Data format for the output file.

  "mu-law8"   - 8-bit mu-law data
  "A-law8"    - 8-bit A-law data
  "unsigned8" - offset-binary 8-bit integer data
  "integer8"  - two's-complement 8-bit integer data
  "integer16" - two's-complement 16-bit integer data
  "float32"   - 32-bit IEEE floating-point data
  "text"      - text data

The data formats available depend on the output file type. AFsp (Sun) audio files:

  mu-law, A-law, 8-bit integer, 16-bit integer, float

RIFF WAVE files:

  mu-law, A-law, offset-binary 8-bit integer, 16-bit integer

AIFF-C audio files:

  mu-law, A-law, 8-bit integer, 16-bit integer

Headerless files:

  all data formats

-F FTYPE, --file_type=FTYPE

File type, default "AFsp".

  "AFsp", "Sun" or "sun" - AFsp (Sun) audio file
  "WAVE" or "wave"       - RIFF WAVE file
  "AIFF-C"               - AIFF-C audio file
  "raw" or "raw_native"  - Headerless file (native byte order)
  "raw_swap"             - Headerless file (byte swapped)
  "raw_big-endian"       - Headerless file (big-endian byte order)
  "raw_little-endian"    - Headerless file (little-endian byte order)

-P PARMS, --parameters=PARMS

Parameters to be used for headerless input files. See the description of the environment variable RAWAUDIOFILE below for the format of the parameter specification.

-I INFO, --info=INFO

Header information string.

-h, --help

Print a list of options and exit.

-v, --version

Print the version number and exit.

For AFsp output files, the audio file header contains an information string.

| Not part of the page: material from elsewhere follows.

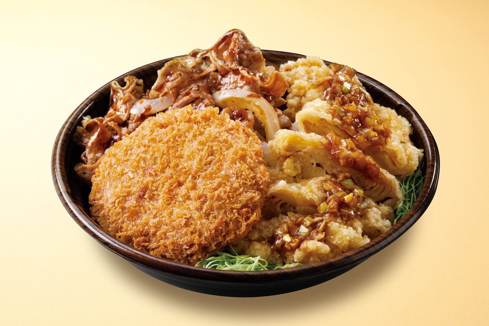 今月の「肉トリプル丼」は、どーんと大きな油淋鶏1枚、牛バラ肉とタマネギを鉄鍋で一気に強火で炒め、旨みを引き立てた牛焼肉1食、キャベツの食感がくせになるキャベツメンチカツ1個に千切りキャベツがのった丼です。

  Standard Header Information:
    date:1994/01/25 19:19:39 UTC    date
    user:kabal@aldebaran            user
    program:ResampAudio             program name

This information can be changed with the header information string which is specified as one of the command line options. Structured information records should adhere to the above format with a named field terminated by a colon, followed by numeric data or text. Comments can follow as unstructured information. For the purpose of this program, records are terminated by newline characters. However in the header itself, the newline characters are replaced by nulls. To place a newline character into the header, escape the newline character by preceding it with a '\' character. If the first character of the user supplied header information string is a newline character, the header information string is appended to the standard header information. If not, the user supplied header information string replaces the standard header information.

Examples

1: File copy. Copy audio file abc.au to new.au. ResampAudio -i 1 abc.au new.au

2: Delay the input signal. The output samples are delayed by 1/8 sample from the input samples. ResampAudio -i 1 -a -1/8 abc.au new.au

3: Change the sampling rate to 8001 Hz.

  ResampAudio -s 8001 abc.au new.au

4: Change the sampling rate by an integral value (e.g. 8000 to 48000 Hz). ResampAudio -i 6 abc.au new.au

Environment variables

RAWAUDIOFILE:

This environment variable defines the data format for headerless or non-standard input audio files. The string consists of a list of parameters separated by commas. The form of the list is

  "Format, Start, Sfreq, Swapb, Nchan, ScaleF"

Format: File data format

The lowercase versions of these format specifiers cause a headerless file to be accepted only after checking for standard file headers; the uppercase versions cause a headerless file to be accepted without checking the file header.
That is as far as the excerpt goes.